The point of that flippant hypothetical was to emphasise the first encouraging trait of the Haswell in its heartiest form. Following a trail of tedious ambiguity, it was now impossible to invest in a new platform without Intel’s promise of a paramount PCI experience.
Enthusiatsts and Maintreamers could now happily stand alongside each other as fully certified beneficiaries of the protocol’s third incarnation.
Let’s allow that pronounced and spirited upbeat to assail our senses with the main course of core truths. Here it is, as promised, the redoubtable tool of quick reference…chocolate table time!
Immediately apparent was how consistent things had remained and if Intel’s ardent 2011 socket affair did little to clarify the Enthusiast’s shopping list, at least their naming convention displayed a logical pattern.
The Ivy Bridge E’s number four was replaced by a five, denoting the new Haswell, with the remaining three numbers unaltered in all three cases.
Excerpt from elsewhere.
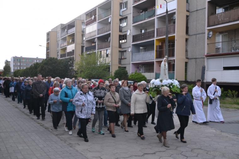 Licznie zgromadzeni wierni wyruszyli z figurą Pani Fatimskiej. Nabożeństwu z procesją różańcową przewodniczył ks. prał Henryk Orszulak, proboszcz parafii. Na zakończenie nabożeństwa wszyscy mogli uczcić relikwie pastuszków fatimskich. „Są na ziemi tej takie miejsca, do których chętnie się wraca, gdzie Matka czeka nas najlepsza i pokój duszy przywraca. To właśnie tam w Fatimie, u Maryi, to właśnie tam tak wiele dzieje się. Ileż tam łaski i miłości matczynej, to właśnie tam powracać ciągle chcę”.

In keeping with “extreme traditions” these blue chip Haswell’s exhibited unlocked multipliers with no exception and comprised of one “budget” CPU, the 5820K, a middling 5930K and an inevitable crown jewel, the I7-5960″x”.
When comparing the chips directly to one other, several intriguing discrepancies were evident.
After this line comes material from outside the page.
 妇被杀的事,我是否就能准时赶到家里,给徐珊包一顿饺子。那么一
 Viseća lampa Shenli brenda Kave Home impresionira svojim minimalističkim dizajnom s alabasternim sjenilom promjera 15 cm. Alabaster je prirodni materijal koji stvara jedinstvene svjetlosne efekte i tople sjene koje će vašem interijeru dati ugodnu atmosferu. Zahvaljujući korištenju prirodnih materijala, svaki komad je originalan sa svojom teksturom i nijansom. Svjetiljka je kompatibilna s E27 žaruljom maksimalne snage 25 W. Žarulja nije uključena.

While the cheapest of our abdicating Ivy’s (the 4820k) juggled with two less cores and a smaller serving of L3 cache than either of its dearer elders, in the Haswell household, the baby of the bunch matches its medium brother’s core, cache and thread tallies but in a cheeky display of carrot and stick, Intel elected to cut its PCI-E lane quota from 40 to just 28, perhaps considering that the abundance of mesmerically pacey video cards and likely-hood of a cyclonic SSD revolution had rendered native PCI-E real estate a more precious resource and hence, greater financial incentive to the average Enthusiast than genetic multi-threaded brunt.
Also manifest was Intel’s desire for the family’s Big Daddy to revel in exclusivity, principally as first ever octocore CPU to tantalize the consumer and one with a 20mb cache reserve to boot, still feel short changed?
And last we could observe this all telling slide.
Forty luscious lashings of PCI-E nectar delivered fresh from the CPU* to nourish noble and honoured GPU guests in a similar vein to the x79 but on this glowing dawn, glorious full fat triple revision richness, officially endorsed by Intel and absent of fiddly fallible patches from Nvidia. Eight additional PCI-E 2.0 lanes the served up by the south bridge* permitted manufacturer’s the same allocation liberties of the z87 and 97.
In light of the additional bandwidth supplied by The CPU, these handy B roads were free to cater for a combination of 10 in house Sata III ports, a union of 14 USB ports including, at long last, up to six members from its third and finest order primed for native action with eight staunch second division scouts bringing up the rear and finally, an integrated M.2 socket and/or SATA Express port, each furnished with the benefits of Intel’s Rapid Storage Technology.
*28 lashings if one opted for the 5820k, foot note inserted here so as not to spoil a wonderfully alliterative sentence.
* Known as the PCH, foot note inserted here for reasons given above.